GOAL OF THE EXERCISE » Repeat the entries below exactly. Begin with the first line and end with the line that contains "Mainland's Kadin Flores".

INFORMATION SUPPLIED »
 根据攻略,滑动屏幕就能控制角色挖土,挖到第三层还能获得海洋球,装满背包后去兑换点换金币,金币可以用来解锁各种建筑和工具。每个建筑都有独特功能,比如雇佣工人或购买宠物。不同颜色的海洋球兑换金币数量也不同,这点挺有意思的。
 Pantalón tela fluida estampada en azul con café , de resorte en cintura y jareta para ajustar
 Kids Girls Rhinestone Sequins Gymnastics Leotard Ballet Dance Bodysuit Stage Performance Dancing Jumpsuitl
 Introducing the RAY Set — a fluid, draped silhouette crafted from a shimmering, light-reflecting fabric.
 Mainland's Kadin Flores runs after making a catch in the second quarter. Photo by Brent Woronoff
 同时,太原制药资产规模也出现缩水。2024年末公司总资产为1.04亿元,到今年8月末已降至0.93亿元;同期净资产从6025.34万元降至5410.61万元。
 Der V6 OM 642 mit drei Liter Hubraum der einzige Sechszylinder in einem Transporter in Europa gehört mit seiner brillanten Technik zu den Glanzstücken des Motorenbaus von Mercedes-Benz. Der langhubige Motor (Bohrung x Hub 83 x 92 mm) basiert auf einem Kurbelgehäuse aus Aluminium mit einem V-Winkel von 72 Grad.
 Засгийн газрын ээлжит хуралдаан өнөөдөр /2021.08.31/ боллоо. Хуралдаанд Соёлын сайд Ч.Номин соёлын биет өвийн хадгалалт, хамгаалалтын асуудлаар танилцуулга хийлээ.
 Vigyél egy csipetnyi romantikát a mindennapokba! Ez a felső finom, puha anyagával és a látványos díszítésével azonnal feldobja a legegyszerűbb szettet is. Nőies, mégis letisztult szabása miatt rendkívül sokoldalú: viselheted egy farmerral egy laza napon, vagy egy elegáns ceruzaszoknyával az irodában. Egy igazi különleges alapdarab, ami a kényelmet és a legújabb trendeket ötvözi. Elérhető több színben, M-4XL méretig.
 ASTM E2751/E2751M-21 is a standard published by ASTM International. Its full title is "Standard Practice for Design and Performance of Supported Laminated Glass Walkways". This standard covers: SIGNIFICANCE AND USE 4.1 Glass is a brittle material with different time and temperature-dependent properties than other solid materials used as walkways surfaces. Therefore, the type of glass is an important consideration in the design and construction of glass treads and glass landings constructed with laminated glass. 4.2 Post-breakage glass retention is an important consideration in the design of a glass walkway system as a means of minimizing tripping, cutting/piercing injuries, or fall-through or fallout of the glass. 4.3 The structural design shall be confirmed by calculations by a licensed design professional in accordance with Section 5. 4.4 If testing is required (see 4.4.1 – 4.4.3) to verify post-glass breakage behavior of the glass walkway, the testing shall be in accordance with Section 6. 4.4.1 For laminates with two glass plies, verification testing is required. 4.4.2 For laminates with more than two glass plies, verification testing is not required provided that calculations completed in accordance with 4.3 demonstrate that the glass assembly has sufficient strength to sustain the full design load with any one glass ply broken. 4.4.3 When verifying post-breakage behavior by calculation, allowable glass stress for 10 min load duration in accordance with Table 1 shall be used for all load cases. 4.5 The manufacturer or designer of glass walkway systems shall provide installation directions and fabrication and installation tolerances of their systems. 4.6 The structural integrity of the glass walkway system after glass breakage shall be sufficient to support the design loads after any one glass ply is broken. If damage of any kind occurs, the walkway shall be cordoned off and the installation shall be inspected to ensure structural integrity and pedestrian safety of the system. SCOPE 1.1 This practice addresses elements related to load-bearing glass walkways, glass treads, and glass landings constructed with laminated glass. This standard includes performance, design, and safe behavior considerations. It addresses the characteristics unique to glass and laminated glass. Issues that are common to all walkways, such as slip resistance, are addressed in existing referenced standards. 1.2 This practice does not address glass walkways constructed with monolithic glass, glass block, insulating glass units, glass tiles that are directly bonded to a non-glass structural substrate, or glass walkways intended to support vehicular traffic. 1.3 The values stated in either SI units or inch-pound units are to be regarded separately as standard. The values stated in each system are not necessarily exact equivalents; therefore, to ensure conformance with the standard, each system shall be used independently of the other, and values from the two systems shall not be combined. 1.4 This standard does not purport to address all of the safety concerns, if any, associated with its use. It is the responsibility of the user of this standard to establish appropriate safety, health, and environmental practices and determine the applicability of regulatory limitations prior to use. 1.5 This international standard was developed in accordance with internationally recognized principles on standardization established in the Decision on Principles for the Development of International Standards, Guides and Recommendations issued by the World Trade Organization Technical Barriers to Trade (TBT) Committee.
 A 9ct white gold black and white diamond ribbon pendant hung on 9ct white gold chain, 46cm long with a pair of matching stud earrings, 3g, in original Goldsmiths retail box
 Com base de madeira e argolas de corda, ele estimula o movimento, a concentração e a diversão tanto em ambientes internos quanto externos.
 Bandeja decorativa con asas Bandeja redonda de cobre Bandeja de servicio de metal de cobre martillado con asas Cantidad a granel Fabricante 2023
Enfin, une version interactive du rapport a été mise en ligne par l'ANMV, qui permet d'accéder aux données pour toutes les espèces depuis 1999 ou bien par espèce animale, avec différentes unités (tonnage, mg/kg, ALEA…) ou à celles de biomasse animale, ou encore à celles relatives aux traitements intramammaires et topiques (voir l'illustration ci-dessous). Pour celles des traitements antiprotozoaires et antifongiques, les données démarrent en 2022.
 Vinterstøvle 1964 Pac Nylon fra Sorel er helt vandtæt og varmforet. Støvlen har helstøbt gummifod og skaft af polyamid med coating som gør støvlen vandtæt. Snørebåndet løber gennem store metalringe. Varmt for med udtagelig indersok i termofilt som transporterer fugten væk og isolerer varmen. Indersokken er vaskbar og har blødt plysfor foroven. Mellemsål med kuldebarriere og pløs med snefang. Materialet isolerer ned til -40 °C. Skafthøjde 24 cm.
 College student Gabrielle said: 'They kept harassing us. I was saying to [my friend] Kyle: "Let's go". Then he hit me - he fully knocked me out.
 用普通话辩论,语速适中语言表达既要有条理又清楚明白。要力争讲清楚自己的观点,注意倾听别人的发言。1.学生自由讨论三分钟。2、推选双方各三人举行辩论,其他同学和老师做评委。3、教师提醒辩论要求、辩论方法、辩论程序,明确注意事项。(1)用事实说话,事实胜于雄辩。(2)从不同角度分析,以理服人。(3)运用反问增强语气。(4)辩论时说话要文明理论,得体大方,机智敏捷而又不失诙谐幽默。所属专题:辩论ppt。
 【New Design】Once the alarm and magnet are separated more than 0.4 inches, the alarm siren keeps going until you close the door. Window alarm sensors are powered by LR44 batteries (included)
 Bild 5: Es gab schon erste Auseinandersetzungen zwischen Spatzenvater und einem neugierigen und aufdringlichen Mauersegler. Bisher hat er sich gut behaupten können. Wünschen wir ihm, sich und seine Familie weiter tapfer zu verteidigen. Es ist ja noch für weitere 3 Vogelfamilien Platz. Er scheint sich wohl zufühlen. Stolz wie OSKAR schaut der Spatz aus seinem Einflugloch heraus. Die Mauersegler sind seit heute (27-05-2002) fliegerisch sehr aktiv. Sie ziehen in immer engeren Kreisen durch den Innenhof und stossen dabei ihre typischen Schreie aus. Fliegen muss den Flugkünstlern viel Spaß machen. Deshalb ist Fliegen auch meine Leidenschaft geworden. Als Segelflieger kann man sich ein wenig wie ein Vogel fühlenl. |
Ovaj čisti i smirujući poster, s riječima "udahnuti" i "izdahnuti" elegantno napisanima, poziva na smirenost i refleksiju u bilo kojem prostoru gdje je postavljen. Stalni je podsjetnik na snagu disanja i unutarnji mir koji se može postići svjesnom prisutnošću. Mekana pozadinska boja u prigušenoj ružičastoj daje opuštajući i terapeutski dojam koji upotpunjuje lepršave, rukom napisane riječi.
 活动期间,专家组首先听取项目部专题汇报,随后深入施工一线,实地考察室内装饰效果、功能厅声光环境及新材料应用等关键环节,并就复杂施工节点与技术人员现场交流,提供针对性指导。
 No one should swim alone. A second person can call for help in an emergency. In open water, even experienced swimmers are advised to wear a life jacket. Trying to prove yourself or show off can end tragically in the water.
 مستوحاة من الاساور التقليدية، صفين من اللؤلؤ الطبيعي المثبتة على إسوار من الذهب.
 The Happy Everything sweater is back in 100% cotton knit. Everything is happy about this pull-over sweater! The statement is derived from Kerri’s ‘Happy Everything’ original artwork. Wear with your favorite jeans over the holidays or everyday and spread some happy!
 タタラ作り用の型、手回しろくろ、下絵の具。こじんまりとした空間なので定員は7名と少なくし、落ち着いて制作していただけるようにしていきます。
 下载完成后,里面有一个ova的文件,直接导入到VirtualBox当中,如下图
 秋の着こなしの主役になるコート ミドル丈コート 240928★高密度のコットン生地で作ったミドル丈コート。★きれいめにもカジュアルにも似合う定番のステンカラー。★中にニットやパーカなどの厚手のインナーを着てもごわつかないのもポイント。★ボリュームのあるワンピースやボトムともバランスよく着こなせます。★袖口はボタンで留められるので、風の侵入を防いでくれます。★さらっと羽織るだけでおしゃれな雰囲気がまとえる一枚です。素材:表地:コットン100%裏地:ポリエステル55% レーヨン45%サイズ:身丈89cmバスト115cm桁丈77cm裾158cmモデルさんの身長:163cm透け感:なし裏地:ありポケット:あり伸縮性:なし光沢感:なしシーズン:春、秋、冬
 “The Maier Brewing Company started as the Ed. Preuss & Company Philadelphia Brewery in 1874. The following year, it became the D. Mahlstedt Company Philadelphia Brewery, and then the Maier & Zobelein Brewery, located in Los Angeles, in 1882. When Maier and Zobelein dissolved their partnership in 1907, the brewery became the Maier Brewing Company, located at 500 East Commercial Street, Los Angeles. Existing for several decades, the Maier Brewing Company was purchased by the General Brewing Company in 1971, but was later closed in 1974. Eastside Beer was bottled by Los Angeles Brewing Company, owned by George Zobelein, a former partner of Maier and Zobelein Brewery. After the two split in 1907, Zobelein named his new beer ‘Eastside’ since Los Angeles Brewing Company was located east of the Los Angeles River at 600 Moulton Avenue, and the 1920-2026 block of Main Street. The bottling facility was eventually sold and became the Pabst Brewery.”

OUTPUT BELOW »
 根据攻略,滑动屏幕就能控制角色挖土,挖到第三层还能获得海洋球,装满背包后去兑换点换金币,金币可以用来解锁各种建筑和工具。每个建筑都有独特功能,比如雇佣工人或购买宠物。不同颜色的海洋球兑换金币数量也不同,这点挺有意思的。
 Pantalón tela fluida estampada en azul con café , de resorte en cintura y jareta para ajustar
 Kids Girls Rhinestone Sequins Gymnastics Leotard Ballet Dance Bodysuit Stage Performance Dancing Jumpsuitl
 Introducing the RAY Set — a fluid, draped silhouette crafted from a shimmering, light-reflecting fabric.
 Mainland's Kadin Flores runs after making a catch in the second quarter. Photo by Brent Woronoff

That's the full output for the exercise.